BRIEF =>
The expected result is the run of lines from the one containing "Light effect: Contemporary" to the end of the listing, copied exactly.

═══ GIVEN DATA ═══

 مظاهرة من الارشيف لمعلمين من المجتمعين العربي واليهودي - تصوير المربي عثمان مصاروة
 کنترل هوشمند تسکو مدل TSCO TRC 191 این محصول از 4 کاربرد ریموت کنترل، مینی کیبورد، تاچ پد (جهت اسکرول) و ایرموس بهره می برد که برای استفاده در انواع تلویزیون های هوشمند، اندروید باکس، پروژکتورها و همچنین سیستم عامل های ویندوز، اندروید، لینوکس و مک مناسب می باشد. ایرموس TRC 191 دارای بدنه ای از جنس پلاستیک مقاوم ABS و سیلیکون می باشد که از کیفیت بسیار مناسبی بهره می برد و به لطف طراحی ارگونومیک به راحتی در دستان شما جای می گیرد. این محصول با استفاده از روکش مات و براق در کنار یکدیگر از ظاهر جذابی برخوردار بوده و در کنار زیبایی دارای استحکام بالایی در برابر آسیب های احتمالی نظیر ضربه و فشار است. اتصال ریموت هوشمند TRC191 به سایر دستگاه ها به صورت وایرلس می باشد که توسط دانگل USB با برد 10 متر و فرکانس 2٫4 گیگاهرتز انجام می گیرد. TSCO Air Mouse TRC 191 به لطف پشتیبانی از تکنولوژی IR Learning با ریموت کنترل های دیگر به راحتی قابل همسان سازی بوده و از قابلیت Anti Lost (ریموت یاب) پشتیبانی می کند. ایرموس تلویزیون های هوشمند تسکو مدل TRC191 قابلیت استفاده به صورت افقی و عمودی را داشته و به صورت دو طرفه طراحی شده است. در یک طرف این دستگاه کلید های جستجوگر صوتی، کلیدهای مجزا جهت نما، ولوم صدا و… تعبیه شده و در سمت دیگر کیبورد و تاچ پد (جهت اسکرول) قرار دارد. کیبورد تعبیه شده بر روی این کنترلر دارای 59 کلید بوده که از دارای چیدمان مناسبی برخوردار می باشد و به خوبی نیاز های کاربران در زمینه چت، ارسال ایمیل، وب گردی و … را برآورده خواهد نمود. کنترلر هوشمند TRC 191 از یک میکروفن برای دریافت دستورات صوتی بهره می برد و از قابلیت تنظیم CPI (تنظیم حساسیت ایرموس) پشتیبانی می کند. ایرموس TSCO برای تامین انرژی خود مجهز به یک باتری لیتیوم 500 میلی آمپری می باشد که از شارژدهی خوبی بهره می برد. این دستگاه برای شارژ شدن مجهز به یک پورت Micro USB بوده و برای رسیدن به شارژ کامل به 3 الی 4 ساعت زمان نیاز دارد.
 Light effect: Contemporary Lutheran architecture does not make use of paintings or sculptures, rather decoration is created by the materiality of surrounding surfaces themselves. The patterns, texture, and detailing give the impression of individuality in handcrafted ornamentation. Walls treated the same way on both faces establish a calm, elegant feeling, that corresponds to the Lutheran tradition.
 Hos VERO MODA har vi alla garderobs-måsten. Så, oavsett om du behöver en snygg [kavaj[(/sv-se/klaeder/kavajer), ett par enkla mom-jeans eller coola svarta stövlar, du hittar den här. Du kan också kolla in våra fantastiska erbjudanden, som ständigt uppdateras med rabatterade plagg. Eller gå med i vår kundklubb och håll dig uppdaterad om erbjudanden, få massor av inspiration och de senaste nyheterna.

═══

YOUR RESPONSE =>
 Light effect: Contemporary Lutheran architecture does not make use of paintings or sculptures, rather decoration is created by the materiality of surrounding surfaces themselves. The patterns, texture, and detailing give the impression of individuality in handcrafted ornamentation. Walls treated the same way on both faces establish a calm, elegant feeling, that corresponds to the Lutheran tradition.
 Hos VERO MODA har vi alla garderobs-måsten. Så, oavsett om du behöver en snygg [kavaj[(/sv-se/klaeder/kavajer), ett par enkla mom-jeans eller coola svarta stövlar, du hittar den här. Du kan också kolla in våra fantastiska erbjudanden, som ständigt uppdateras med rabatterade plagg. Eller gå med i vår kundklubb och håll dig uppdaterad om erbjudanden, få massor av inspiration och de senaste nyheterna.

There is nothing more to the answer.